Description
A quick and classic Pasta Napoletana recipe featuring a simple yet flavorful tomato sauce with garlic, onions, and fresh basil, served with your choice of spaghetti or bucatini and topped with grated Parmesan cheese. Perfect for a hearty weeknight dinner ready in just 20 minutes.
Ingredients
Scale
Pasta
- 8 oz (220 grams) spaghetti or bucatini (short pasta is fine too)
Sauce
- 1 Tbsp olive oil or extra virgin olive oil, plus more for drizzling
- 1 medium-sized onion, finely chopped
- 2-3 garlic cloves, minced
- 1 can (14 oz / 400 grams) tomatoes (whole, diced, or cherry tomatoes)
- ½ tsp fine salt, plus more to taste
- â…› tsp black pepper
- 1 handful of basil leaves, chopped or torn
- 3 Tbsp grated Parmesan cheese, to serve
Instructions
- Prepare the Pasta: Bring a large pot of salted water to a rolling boil. About 5 minutes into preparing your sauce, add the pasta to the boiling water and cook according to package instructions until al dente.
- Make the Napoletana Sauce: Heat 1 tablespoon of olive oil in a large pan over medium heat until shimmering. Add the finely chopped onion and sauté for 5-6 minutes until soft and translucent. Stir in the minced garlic and cook for an additional 1-2 minutes, being careful not to brown the garlic.
- Add Tomatoes and Season: Pour in the canned tomatoes (including juices) and break them up with a spoon if whole. Season the sauce with ½ teaspoon of salt and ⅛ teaspoon of black pepper. Let the sauce simmer gently for 8-10 minutes, allowing the flavors to meld and the sauce to thicken slightly.
- Incorporate Basil: Stir in the chopped or torn basil leaves and cook for another minute to infuse the sauce with fresh herb aroma.

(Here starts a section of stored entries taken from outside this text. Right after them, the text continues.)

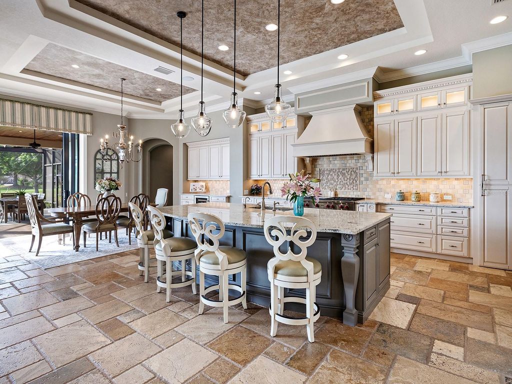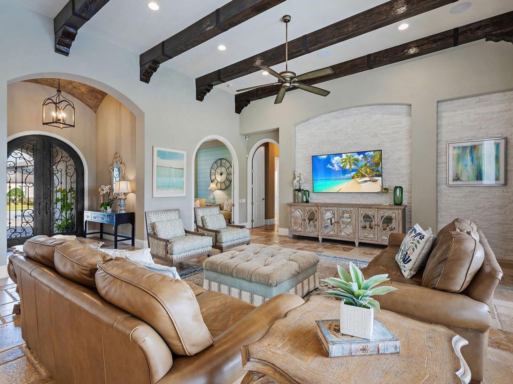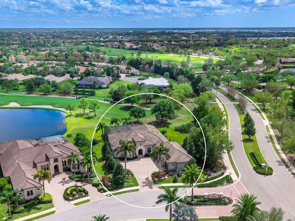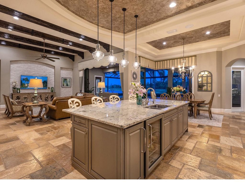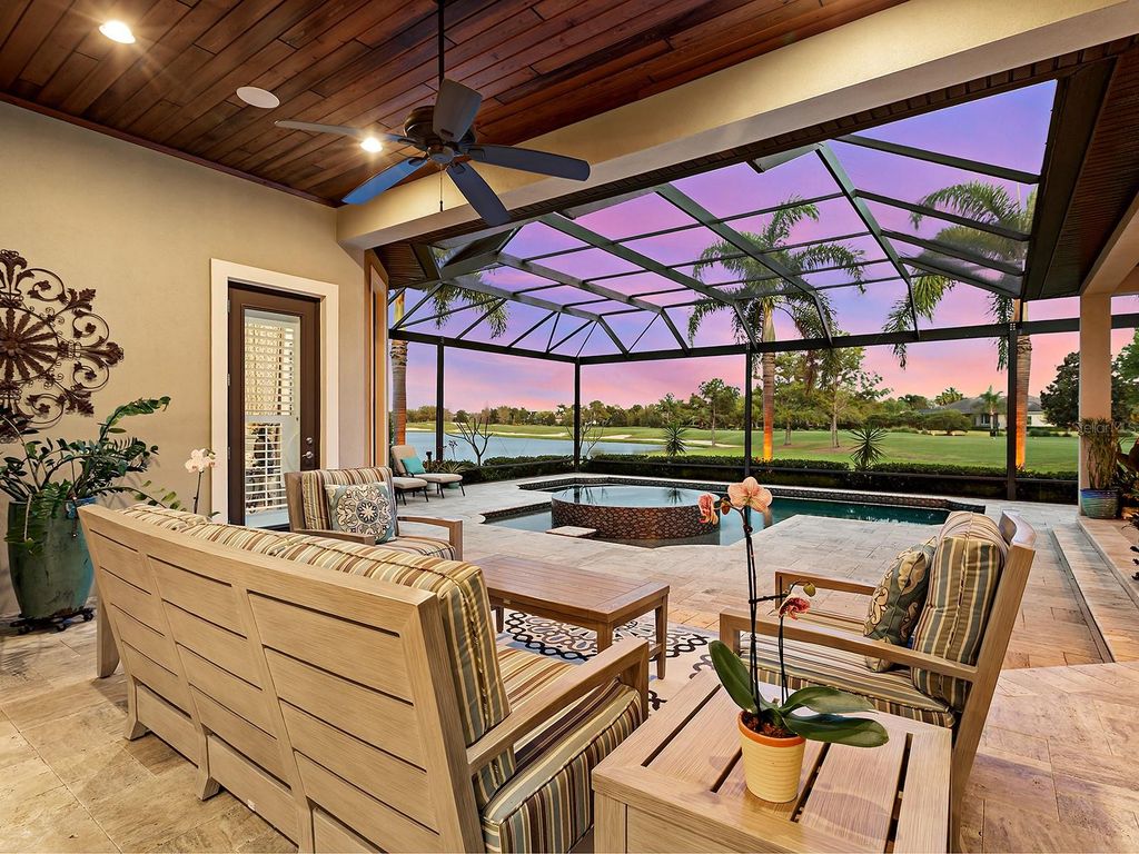 Set within the gates of Country Club East, this highly customized, green-certified residence is distinguished by its architectural details and elevated finishes. Mature landscaping frames the home, complemented by lighting, an expansive side yard, and a paver driveway. Inside, the home establishes a sense of craftsmanship and scale. A striking entry with tongue-and-groove ceiling detail and arched iron double doors opens to a cathedral-ceiling foyer, where architectural archways guide the transition into the main living spaces. Throughout the home, upgrades such as solid wood arched doors, crown molding, 7-inch baseboards, Icynene spray foam insulation, and a blend of stone flooring with Dura Shield coating and engineered wood create both visual continuity and performance-driven comfort. The great room is designed with soaring 14-foot ceilings accented by faux wood beams and a recessed media wall with stacked stone detailing. Sliding glass doors open fully to the lanai, drawing in natural light and framing unobstructed views of the pool, lake, and golf course beyond. The kitchen and dining areas strike a balance between functionality and style. Custom cabinetry with glass-front uppers and integrated LED lighting pairs with a full suite of Sub-Zero and Wolf appliances, including a wine cooler and additional refrigeration. A vast floating island with hidden outlets and storage anchors the space, while a walk-in pantry with wood shelving and thoughtful details, such as spice pull-outs and concealed trash storage, enhances everyday usability. Adjacent dining spaces are elevated by layered ceiling treatments, designer lighting, and zero-corner sliders that emphasize the indoor-outdoor lifestyle. A detailed office offers dual workstations, extensive built-ins, a circular tray ceiling with intricate woodwork, and shiplap accent detailing. The primary suite is privately positioned, featuring tray ceilings with cove lighting, a sitting area, lanai access, and dual custom walk-in closets. The spa-like bath includes a Kohler soaking tub with stone surround, two vanities, and a walk-in shower with multiple showerheads, travertine finishes, and architectural window detailing. Three guest suites are equally refined, offering spacious closets, plantation shutters, and access to well-appointed bathrooms featuring custom tilework, granite surfaces, and a shower and/or tub. A standout bonus space, currently configured as a golf simulator room, features a barrel-vaulted ceiling, professional-grade flooring, and direct lanai access. The outdoor living experience is designed as a private resort setting. The lanai features a tongue-and-groove ceiling, recessed lighting, and multiple seating areas overlooking a saltwater pool and spa, complete with iridescent tile and a sun shelf. A fully equipped outdoor kitchen boasts Monogram appliances, marine-grade cabinetry, and granite countertops, all set against tranquil views of the golf course and water. Functionality is further enhanced by a well-equipped laundry room, a thoughtfully designed drop zone and mudroom entry from the garage, and extensive storage throughout. The oversized garage, which holds 6 cars, is equipped with epoxy flooring, built-in cabinetry, overhead storage, a utility sink, and a 7,000lb car lift. Ideally located in Lakewood Ranch, residents are just minutes from Waterside Place, UTC shopping and dining, Nathan Benderson Park, SRQ Airport, downtown Sarasota, and the renowned Gulf beaches.
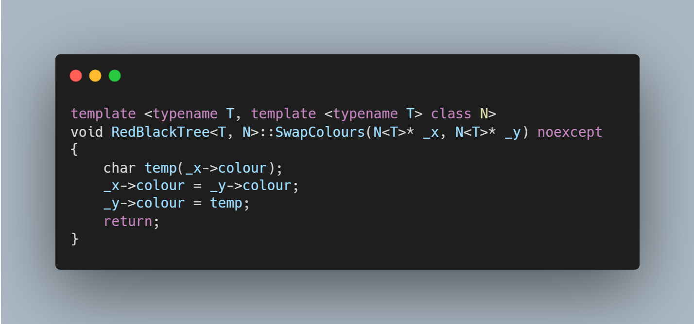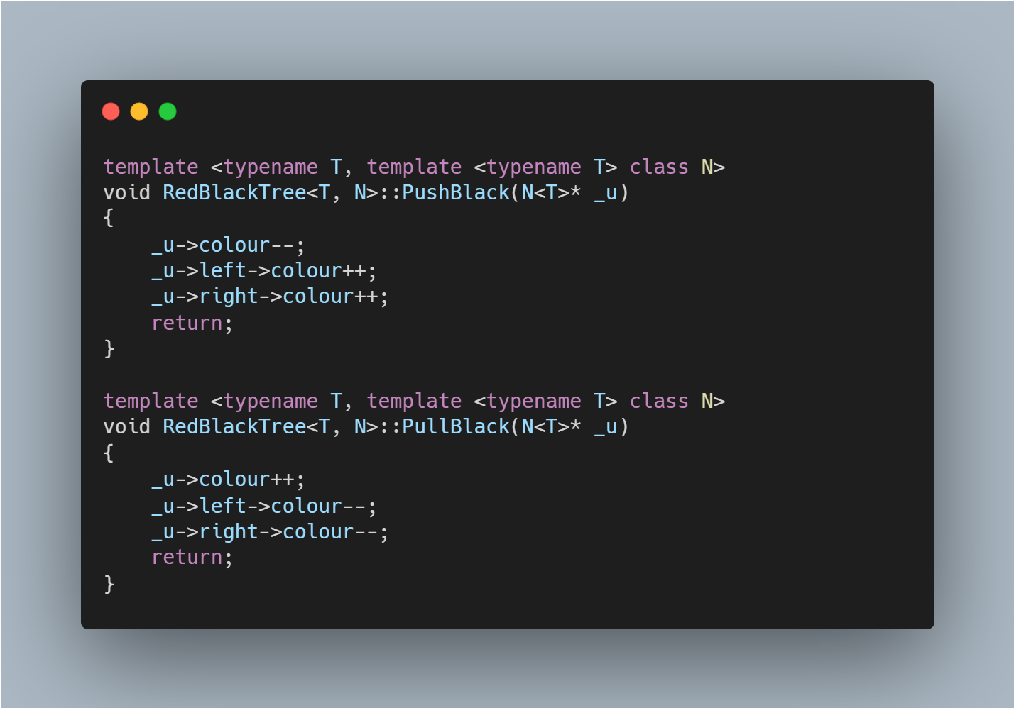 Figure b.2 Figure b.1는 Black Height Property를 유지하며 색깔을 조정합니다. PushBlack(u)는 두 개의 Red Node를 가진 Black node를 Parameter로 node u를 취합니다. 받은 black node u를 Red로, u가 가진 Red Children을 Black으로 칠합니다. PullBlack(u)는 PushBlack(u)의 정반대의 기능을 수행합니다. SwapColours라는 추가적인 함수를 만들어 두 개의 서로 다른 node의 색을 바꿔주는 간단한 함수를 구현해야 합니다.
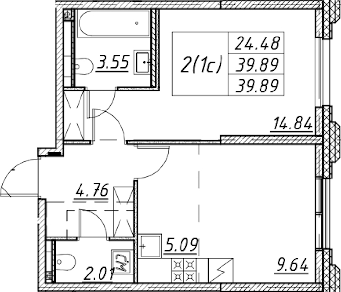 - Площадь39,89 м2
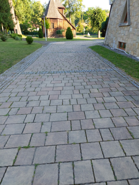 Dzisiaj przedstawiamy Wam jedną z większych realizacji, którą nasza firma wykonała w ostatnim czasie. Naszym zadaniem było umycie kostki brukowej wokół kościoła, a także zasypanie jej piaskiem. Kostka była mocno zabrudzona, przez wiele lat nieczyszczona.
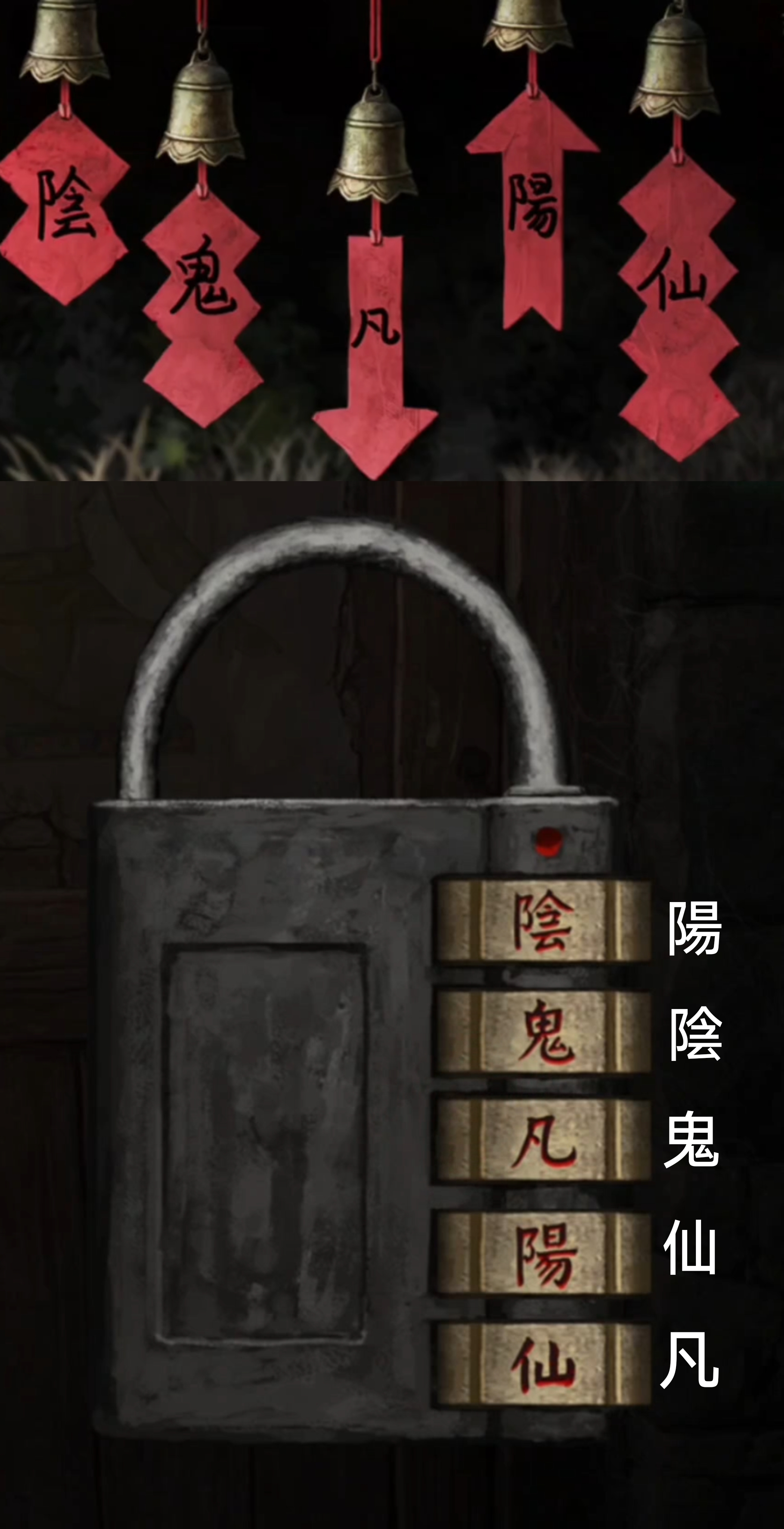 12.回到停车的场景发展剧情后,点击风车架,把【祈福风铃】挂上去,得到【阴鬼凡阳仙】的文字位置提示(箭头代表字的首尾位置,阳在最上面,凡在最下面,其他的字根据几个组合起来的方块数,像阴就是阳的下面,位于第二)。
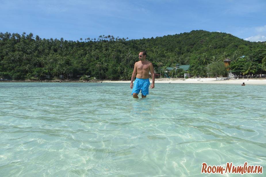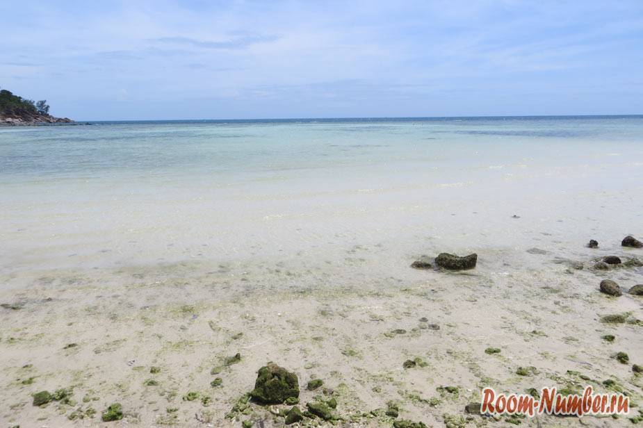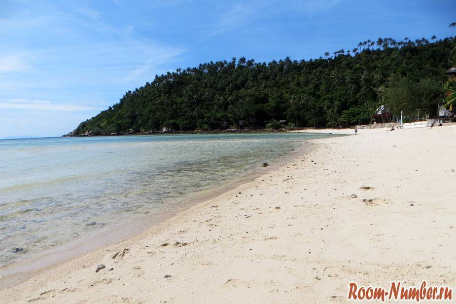 Мы приехали на Панган летом, когда здесь сезон отливов. Поэтому не смотрите, что воды мало. По отзывам, в высокий сезон вода доходит почти до пальм, оставляя узенькую полоску песка 3-5 метров шириной.

- Combine and Serve: Drain the cooked pasta, reserving a small cup of pasta water. Toss the pasta with the Napoletana sauce, adding a splash of reserved pasta water if needed to loosen the sauce. Drizzle with a little extra virgin olive oil for added richness and sprinkle generously with grated Parmesan cheese before serving.
Notes
- Use high-quality canned tomatoes for the best flavor.
- If you prefer a smoother sauce, blend the tomatoes before adding them to the pan.
- Reserve some pasta water to adjust the sauce consistency if it thickens too much.
- Fresh basil can be substituted with dried basil in a pinch, though fresh is preferable.
- This recipe is adaptable—feel free to add chili flakes for a spicy kick or olives for extra depth.